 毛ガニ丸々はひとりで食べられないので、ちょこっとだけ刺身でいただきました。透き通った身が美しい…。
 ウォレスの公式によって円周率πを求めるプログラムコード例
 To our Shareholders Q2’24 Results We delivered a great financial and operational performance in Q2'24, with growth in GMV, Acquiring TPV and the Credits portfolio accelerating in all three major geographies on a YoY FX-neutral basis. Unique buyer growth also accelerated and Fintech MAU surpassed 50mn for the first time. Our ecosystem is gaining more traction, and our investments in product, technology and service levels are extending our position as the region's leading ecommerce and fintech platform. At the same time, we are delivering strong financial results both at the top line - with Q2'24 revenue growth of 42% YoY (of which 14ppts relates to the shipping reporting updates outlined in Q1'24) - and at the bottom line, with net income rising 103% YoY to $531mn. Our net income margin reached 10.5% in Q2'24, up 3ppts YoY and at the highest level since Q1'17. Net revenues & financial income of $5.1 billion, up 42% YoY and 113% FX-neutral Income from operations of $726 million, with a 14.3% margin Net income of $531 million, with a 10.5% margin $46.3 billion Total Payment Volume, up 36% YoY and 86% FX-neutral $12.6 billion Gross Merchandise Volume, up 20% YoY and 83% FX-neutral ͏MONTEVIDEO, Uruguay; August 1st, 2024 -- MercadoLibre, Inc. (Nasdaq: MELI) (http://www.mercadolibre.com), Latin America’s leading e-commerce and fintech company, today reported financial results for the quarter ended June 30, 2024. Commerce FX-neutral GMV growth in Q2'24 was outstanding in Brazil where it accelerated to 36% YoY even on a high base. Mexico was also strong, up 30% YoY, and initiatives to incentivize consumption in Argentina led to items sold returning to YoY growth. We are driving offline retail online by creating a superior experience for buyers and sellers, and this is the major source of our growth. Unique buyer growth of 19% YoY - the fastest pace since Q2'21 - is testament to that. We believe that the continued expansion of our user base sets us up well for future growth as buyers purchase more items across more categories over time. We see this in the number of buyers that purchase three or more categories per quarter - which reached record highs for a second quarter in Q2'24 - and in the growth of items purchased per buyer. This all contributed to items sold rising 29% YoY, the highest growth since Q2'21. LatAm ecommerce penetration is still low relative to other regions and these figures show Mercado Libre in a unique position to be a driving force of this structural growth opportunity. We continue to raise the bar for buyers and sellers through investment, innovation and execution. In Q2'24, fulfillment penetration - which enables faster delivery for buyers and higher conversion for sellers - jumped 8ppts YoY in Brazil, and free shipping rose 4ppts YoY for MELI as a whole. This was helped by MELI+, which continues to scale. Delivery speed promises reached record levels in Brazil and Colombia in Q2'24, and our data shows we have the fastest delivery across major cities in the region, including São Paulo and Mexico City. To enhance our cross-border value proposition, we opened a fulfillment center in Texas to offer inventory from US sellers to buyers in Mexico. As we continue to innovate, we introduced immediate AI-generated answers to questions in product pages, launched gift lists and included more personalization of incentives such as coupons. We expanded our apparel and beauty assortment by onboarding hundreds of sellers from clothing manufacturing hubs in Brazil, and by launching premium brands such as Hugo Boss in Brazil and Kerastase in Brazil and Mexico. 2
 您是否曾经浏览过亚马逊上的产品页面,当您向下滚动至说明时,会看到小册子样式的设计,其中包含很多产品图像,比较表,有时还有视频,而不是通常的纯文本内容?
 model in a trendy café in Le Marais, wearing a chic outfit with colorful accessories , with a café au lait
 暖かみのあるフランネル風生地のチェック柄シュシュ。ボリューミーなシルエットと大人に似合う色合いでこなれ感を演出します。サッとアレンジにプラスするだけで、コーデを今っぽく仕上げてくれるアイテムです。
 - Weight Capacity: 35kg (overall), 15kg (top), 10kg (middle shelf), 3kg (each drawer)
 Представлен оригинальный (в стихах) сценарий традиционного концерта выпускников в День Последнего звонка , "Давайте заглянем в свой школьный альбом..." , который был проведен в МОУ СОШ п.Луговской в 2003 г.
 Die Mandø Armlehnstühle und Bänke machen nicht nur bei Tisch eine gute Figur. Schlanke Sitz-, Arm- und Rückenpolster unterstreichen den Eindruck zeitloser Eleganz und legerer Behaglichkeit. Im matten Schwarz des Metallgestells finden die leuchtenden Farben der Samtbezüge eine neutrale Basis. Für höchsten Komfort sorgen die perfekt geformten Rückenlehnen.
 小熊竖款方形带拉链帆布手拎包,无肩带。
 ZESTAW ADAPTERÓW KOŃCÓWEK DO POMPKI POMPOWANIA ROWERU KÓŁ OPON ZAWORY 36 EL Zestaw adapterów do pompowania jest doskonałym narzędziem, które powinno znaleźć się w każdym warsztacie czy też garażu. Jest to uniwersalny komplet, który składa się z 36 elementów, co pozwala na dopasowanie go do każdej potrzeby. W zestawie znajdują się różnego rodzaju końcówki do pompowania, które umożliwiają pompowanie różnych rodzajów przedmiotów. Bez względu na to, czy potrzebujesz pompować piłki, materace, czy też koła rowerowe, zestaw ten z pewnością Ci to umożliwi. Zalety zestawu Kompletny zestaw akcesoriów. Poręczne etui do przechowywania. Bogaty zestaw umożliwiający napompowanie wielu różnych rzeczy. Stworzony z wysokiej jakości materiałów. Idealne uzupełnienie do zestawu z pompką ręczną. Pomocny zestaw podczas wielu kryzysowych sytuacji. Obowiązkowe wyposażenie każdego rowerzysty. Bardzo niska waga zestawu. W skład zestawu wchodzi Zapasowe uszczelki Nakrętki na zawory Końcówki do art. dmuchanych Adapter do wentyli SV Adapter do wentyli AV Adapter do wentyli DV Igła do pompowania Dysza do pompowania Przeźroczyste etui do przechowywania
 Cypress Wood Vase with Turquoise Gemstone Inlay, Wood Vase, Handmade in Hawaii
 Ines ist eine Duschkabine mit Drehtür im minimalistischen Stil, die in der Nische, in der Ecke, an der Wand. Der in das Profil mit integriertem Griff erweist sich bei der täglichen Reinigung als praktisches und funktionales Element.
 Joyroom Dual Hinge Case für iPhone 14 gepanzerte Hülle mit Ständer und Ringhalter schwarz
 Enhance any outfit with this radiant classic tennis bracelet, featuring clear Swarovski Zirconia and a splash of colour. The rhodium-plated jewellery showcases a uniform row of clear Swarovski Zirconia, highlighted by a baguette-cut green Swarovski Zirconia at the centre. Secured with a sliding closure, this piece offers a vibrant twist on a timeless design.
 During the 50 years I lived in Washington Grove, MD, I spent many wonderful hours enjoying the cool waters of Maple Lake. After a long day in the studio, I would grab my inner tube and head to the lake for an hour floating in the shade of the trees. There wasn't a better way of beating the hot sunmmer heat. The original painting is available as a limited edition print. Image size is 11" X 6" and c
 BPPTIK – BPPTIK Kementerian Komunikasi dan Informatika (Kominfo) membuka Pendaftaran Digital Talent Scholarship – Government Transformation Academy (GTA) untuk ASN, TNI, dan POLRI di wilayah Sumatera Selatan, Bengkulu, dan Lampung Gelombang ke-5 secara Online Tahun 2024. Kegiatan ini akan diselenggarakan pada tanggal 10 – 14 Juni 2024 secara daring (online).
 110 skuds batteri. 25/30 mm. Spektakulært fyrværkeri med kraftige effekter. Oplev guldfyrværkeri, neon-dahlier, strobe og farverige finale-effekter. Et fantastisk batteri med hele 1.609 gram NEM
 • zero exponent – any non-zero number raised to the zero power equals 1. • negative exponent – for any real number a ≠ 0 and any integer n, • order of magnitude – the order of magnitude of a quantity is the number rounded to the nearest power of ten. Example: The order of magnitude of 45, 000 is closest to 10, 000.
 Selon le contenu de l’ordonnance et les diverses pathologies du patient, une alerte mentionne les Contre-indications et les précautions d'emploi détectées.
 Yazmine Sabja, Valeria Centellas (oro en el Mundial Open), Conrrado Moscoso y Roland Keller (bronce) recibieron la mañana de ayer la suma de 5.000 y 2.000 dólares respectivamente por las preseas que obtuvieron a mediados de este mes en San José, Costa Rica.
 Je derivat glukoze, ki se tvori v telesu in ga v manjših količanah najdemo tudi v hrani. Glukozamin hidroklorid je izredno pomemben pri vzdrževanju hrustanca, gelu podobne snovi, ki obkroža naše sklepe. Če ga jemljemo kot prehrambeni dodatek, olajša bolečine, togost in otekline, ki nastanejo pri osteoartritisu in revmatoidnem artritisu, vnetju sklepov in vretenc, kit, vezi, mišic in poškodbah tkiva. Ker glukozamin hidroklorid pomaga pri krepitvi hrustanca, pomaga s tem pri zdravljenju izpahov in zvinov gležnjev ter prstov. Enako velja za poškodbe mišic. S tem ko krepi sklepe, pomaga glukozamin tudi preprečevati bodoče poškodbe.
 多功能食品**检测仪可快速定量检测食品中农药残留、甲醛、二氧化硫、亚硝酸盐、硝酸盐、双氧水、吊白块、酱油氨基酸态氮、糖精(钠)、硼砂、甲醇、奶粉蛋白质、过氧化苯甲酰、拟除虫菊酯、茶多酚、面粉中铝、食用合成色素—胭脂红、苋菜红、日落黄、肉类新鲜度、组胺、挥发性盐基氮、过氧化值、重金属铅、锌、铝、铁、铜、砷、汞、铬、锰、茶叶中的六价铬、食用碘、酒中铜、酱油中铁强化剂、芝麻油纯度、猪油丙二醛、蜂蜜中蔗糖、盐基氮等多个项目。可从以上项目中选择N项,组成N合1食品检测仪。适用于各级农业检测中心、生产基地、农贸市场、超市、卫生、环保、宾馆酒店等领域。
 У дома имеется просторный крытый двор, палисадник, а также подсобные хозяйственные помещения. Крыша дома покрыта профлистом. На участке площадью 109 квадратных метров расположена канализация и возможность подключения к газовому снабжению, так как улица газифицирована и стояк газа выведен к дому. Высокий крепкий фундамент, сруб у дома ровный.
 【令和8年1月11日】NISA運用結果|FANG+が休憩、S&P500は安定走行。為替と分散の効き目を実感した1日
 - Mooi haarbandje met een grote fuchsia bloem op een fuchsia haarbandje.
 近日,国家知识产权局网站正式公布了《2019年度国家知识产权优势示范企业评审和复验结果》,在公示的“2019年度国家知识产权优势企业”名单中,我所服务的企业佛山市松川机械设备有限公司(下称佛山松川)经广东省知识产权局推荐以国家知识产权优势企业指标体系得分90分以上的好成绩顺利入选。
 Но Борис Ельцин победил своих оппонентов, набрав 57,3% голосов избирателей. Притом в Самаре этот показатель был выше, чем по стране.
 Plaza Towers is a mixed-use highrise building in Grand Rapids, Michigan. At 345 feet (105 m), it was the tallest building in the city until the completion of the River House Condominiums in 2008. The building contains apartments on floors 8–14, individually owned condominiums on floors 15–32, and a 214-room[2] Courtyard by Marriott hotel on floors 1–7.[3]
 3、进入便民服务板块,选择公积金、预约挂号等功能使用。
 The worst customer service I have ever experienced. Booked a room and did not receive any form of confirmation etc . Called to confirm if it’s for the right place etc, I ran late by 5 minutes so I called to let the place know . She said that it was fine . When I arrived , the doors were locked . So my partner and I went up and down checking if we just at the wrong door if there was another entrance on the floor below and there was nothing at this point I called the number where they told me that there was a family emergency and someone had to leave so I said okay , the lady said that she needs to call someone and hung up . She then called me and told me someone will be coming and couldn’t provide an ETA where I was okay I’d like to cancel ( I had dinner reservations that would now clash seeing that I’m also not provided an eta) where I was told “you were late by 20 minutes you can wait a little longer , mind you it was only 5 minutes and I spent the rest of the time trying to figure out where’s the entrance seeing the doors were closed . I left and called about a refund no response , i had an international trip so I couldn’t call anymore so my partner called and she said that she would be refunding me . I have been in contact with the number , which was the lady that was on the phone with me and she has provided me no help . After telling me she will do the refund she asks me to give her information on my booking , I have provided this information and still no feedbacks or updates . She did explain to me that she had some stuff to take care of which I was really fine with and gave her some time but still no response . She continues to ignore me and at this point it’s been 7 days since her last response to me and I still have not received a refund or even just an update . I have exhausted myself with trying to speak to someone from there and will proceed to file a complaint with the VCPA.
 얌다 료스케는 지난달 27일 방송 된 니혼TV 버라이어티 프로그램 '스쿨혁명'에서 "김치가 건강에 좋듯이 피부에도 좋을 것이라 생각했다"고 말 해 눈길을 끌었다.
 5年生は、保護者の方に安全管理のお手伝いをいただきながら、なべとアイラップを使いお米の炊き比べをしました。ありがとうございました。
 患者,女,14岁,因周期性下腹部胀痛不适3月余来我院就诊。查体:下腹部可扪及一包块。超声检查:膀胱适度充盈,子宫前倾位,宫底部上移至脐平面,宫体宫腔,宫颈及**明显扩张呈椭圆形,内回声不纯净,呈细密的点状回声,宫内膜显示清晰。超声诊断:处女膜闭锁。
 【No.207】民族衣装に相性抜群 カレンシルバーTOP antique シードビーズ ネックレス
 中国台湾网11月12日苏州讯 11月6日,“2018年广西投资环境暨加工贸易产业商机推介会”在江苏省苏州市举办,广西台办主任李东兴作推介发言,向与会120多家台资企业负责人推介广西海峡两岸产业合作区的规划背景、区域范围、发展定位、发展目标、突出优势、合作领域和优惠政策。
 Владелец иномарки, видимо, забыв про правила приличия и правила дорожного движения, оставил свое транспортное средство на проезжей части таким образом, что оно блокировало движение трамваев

----------------------------------------

What to do
After locating the line that contains "antique シードビーズ ネックレス", print that line and every one after it through the last line of the listing, exactly.

Response below
 【No.207】民族衣装に相性抜群 カレンシルバーTOP antique シードビーズ ネックレス
 中国台湾网11月12日苏州讯 11月6日,“2018年广西投资环境暨加工贸易产业商机推介会”在江苏省苏州市举办,广西台办主任李东兴作推介发言,向与会120多家台资企业负责人推介广西海峡两岸产业合作区的规划背景、区域范围、发展定位、发展目标、突出优势、合作领域和优惠政策。
 Владелец иномарки, видимо, забыв про правила приличия и правила дорожного движения, оставил свое транспортное средство на проезжей части таким образом, что оно блокировало движение трамваев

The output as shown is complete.